自分の給料は自分で稼ぎたい。画像認識システムを活用した独自の事業を模索
私がシニアマネージャーを担当している部門は、NEC製品の受託開発や保守を主に行っています。私および部門のメンバーを信頼して、お仕事を依頼していただけることは非常にありがたいですが、昔から、仕事は「いただけるもの」ではなく、「自分で作りだすもの」にしたいと考えていました。そこで、NECの仕事のほかに、当部署の独自の技術を確立して、プロジェクトの創出にも取り組んでいます。
プロジェクトの創出として、何に取り組んでいるかというと、AIや画像認識を活用した取り組みです。仕事につながった具体的な例としては、まだまだ少ないですが、たとえば岐阜県を流れる長良川を遡上する鮎をカウントするシステムを構築しました。遡上する鮎は、人の目でみることも難しいですが、それを、画像認識の技術を活用して自動でカウントするという内容です。
もちろん私たちは営業職の部門ではないので、新しい分野を自ら積極的に開拓するのはそう容易ではありませんが、いろいろな方々の助けを借りながら、画像認識という文脈の中で私たちができることを探っています。正直、ほとんどが失敗ですが、小さな失敗を繰り返し経験しながらも、少しでも新しい仕事を作り出すことができるように、活動を継続しています。今では、このような自主的に働きかけて創出した業務が全体の2割くらいを占めるまでになってきました。

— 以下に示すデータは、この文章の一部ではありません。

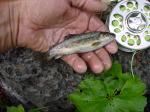 Reminds me of the smallest fish I ever caught on a fly which was surprisingly a Dolly Varden in Alaska. We stopped at a lake on Kodiak where we thought we had seen fish rising and sure enough they were there, but the tiniest fish I have ever encountered.
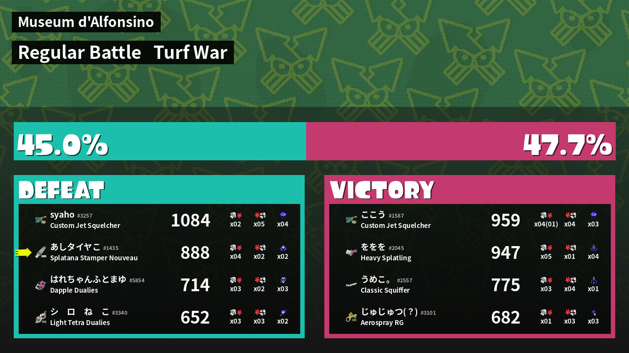 | Medals | #1 Overall Splatter #1 Popular Target #1 Home-Base Inker | ||
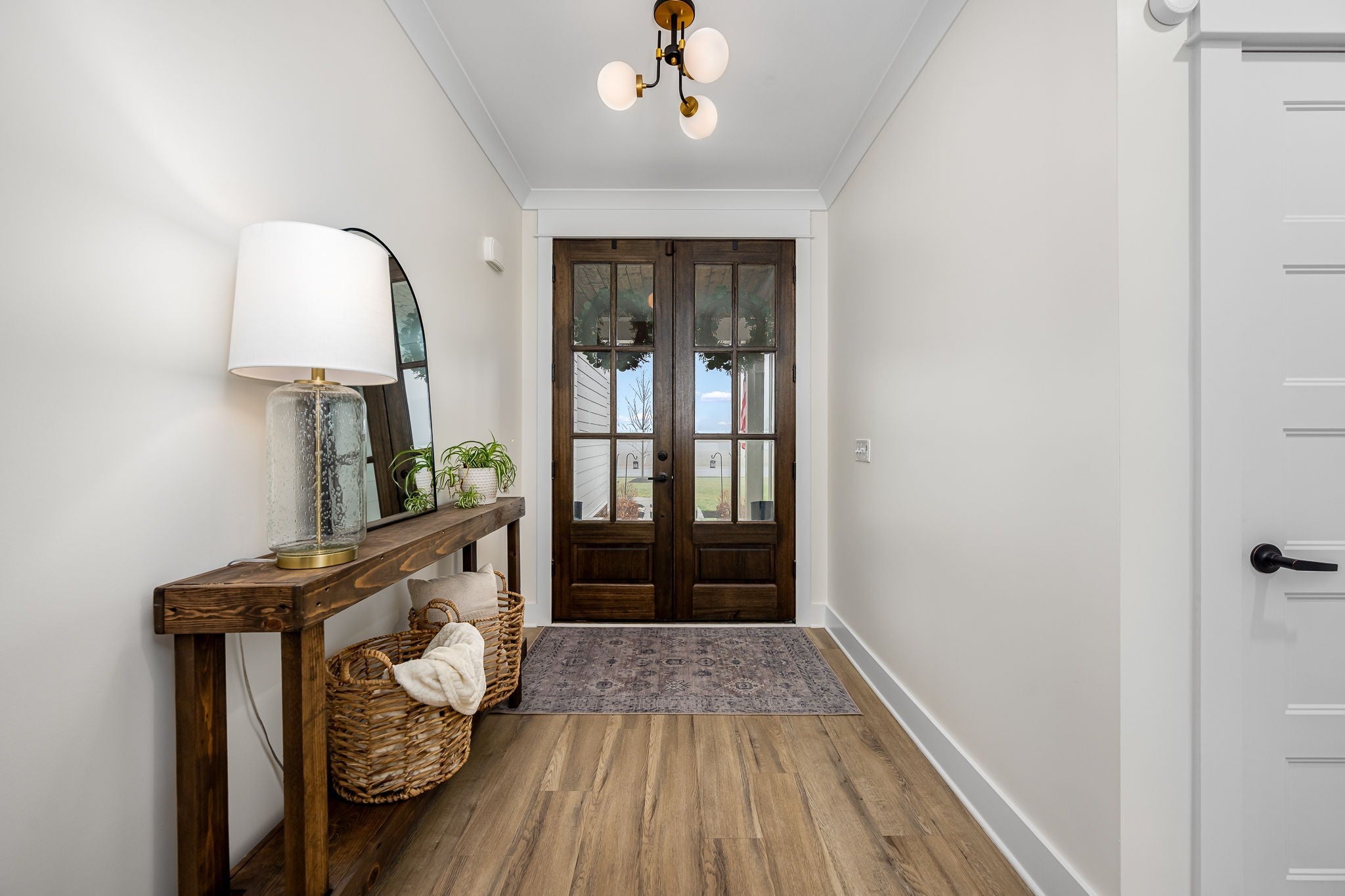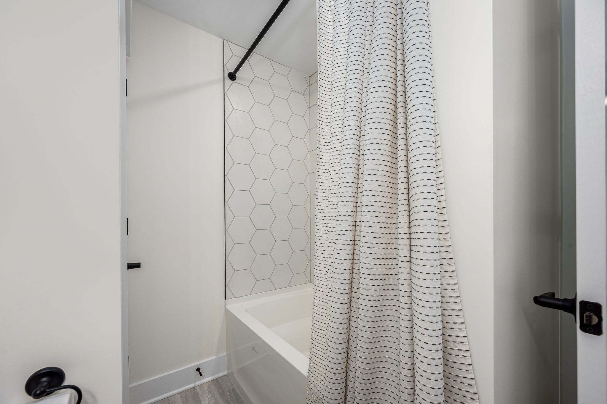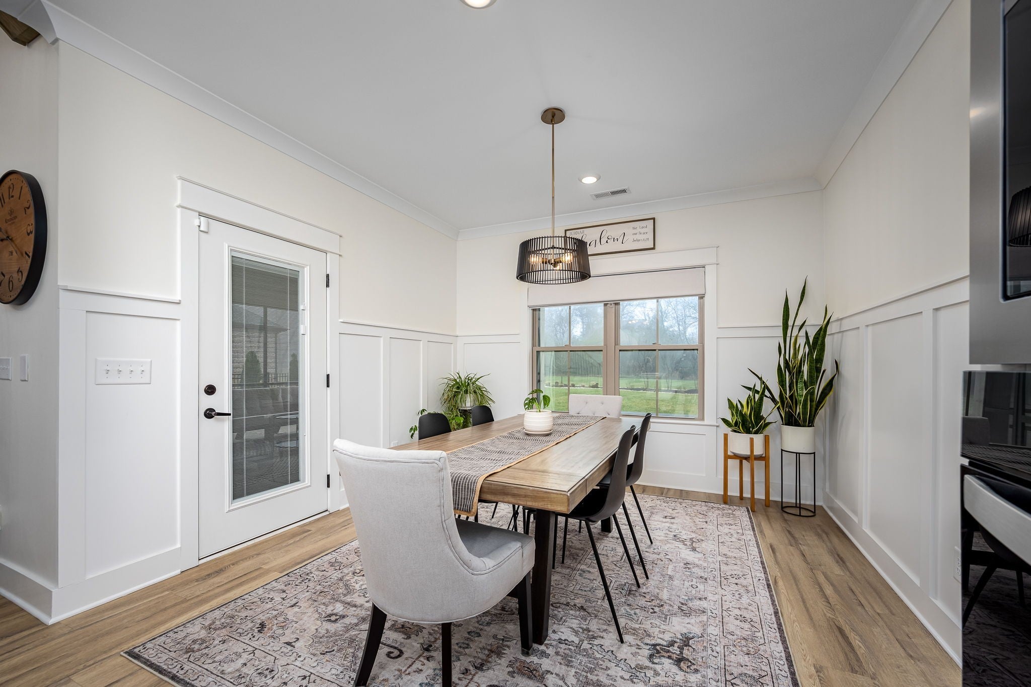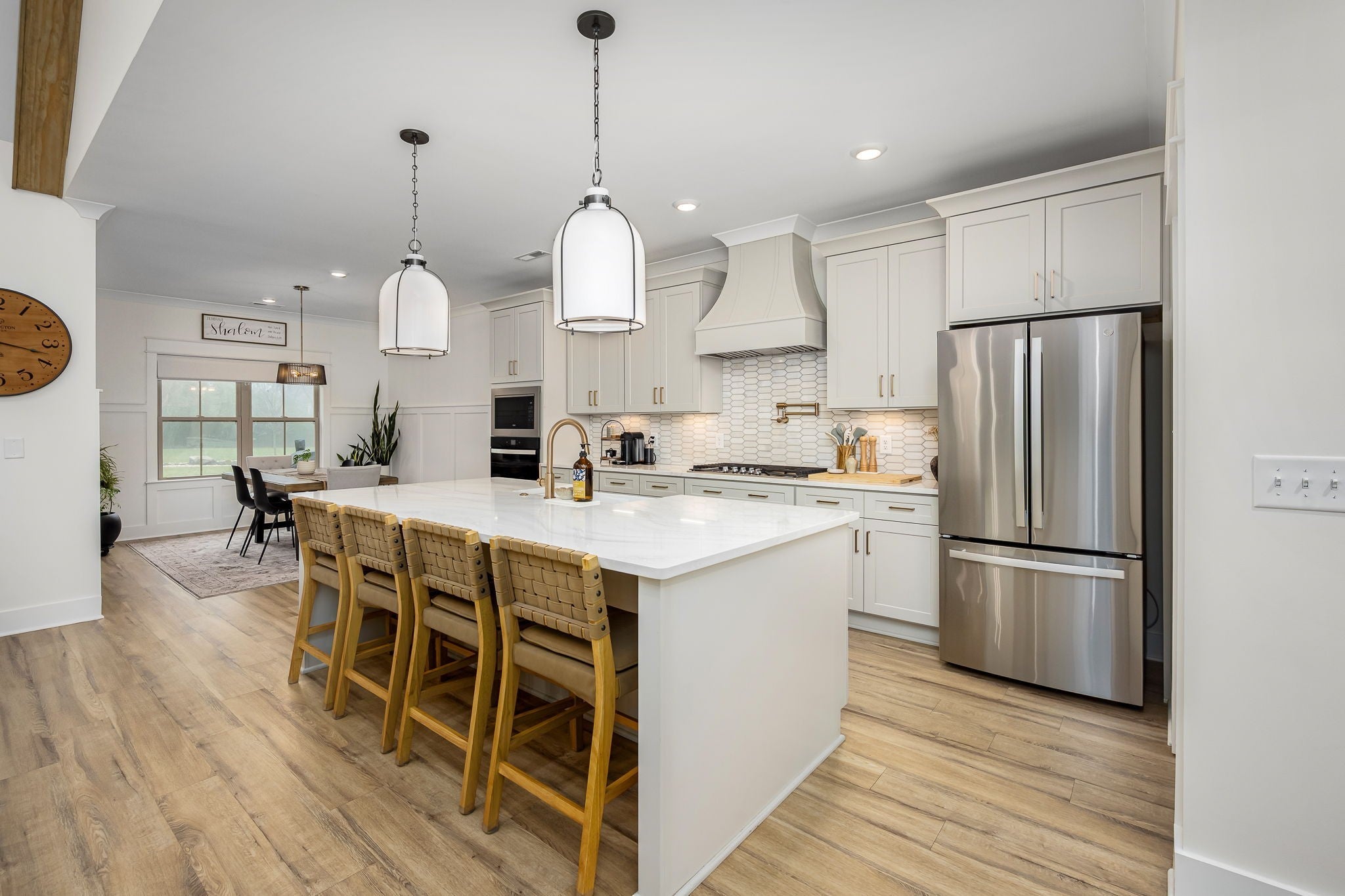 Built in 2023, this transitional-style home offers a thoughtfully designed living space in Parkside at Hidden River. The open floor plan features LVP flooring throughout the main level and a vaulted ceiling in the living room, creating a bright and inviting atmosphere. The kitchen includes upgraded Cambria quartz countertops, marble tile backsplash, soft-close cabinetry, a walk-in pantry, farmhouse apron-front sink, and a large island with bar seating. Designer lighting accents the space, which opens seamlessly to the living and dining areas. The primary suite is located on the main level and features an ensuite bath with a full tile shower, freestanding soaking tub, double vanities with extra storage, and a walk-in closet with custom built-in shelving. Additional bedrooms provide flexible use, along with a spacious bonus room over the garage. A 12-foot sliding door leads to a large screened porch with gas fireplace and cedar tongue-and-groove ceiling, overlooking a professionally landscaped 0.68-acre fenced backyard with black aluminum fencing and smart irrigation. Front and back porches feature matching cedar ceilings. Additional highlights include a drop zone, whole-house water softener and filtration system, and a security system with exterior cameras. Conveniently located near the Cason Lane trailhead with access to walking trails, dog park, playground, and pavilion.

実は、私は大学では水産学を学んでいた身です。ITについてまったく知らず、パソコンも持っていない状態でこの業界に入ってきたのです。当時は、今でいう「ガラケー」が世の中に浸透しつつあるころ。「ITってこの先に大きな可能性があるのではないか」と感じて飛び込みました。私の根本には、いろいろなことにチャレンジし続けたいという気持ちがあるので、「ITの会社に入ったら今は想像もしていないようなおもしろいものが作れるのかも」という軽い気持ちでしたが、 ご縁をいただき入社に至りました。
せっかくITを取り入れるなら、将来の仕事につながる技術の習得を目指したい
2023年2月現在、私は会社に正式な申請をした上で、株式会社協働日本という企業で兼職をしています。「協働を通じて、地域の活性化と働く人の活性化を実現する」をテーマに、さまざまな会社のスキルを持った方が何百人と集まってチームを組み、地域の中小企業の経営者に伴走しながら、経営課題に取り組むという活動です。その中で、鹿児島県の株式会社サクラバイオが手掛ける「グッジョブグループ」の経営者の方からお話を聞く機会がありました。こちらは、発達障がいや不登校の子どもたちの放課後等デイサービスなどを展開している事業でした。
私が驚いたのは、そういう子どもたちが成人したときに、多くの方がまともにお金を稼ぐことができていないという現状です。けれども実際に子どもたちに会ってみると、まったく普通であり、私からすれば個性があっておもしろい子たちが集まっている、という印象でした。少子化が問題になっていて多様性が重要視されてきているのに、なぜ大人になって生きづらくなってしまうのか、大いに疑問に感じたんです。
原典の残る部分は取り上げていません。